> [Collected material]:
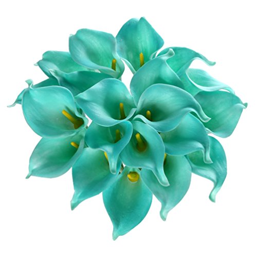 Fiori di calla artificiali in poliuretano, di consistenza naturale al tatto, adatti per bouquet e decorazioni per feste nuziali, Sky Blue, 10 pezzi
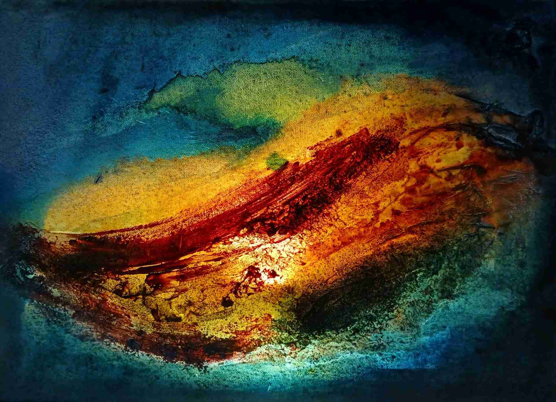 My artwork derives out of a non-linear realm. I never know what will happen, what can happen, when I start to paint. I work without concept, without plan or pre-notion of any result. I open myself for the unkown, I surrender into silence and places beyond my mental constructs of reality.
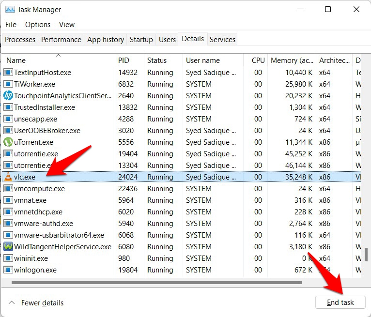 - 只需转到任务管理器的详细信息选项卡,您现在应该能够直接找到资源监视器中显示的进程名称。

> [What is needed]: Return every line shown above without changing a word, and skip the pictures.

> [Solution to the exercise]:
 Fiori di calla artificiali in poliuretano, di consistenza naturale al tatto, adatti per bouquet e decorazioni per feste nuziali, Sky Blue, 10 pezzi
 My artwork derives out of a non-linear realm. I never know what will happen, what can happen, when I start to paint. I work without concept, without plan or pre-notion of any result. I open myself for the unkown, I surrender into silence and places beyond my mental constructs of reality.
 - 只需转到任务管理器的详细信息选项卡,您现在应该能够直接找到资源监视器中显示的进程名称。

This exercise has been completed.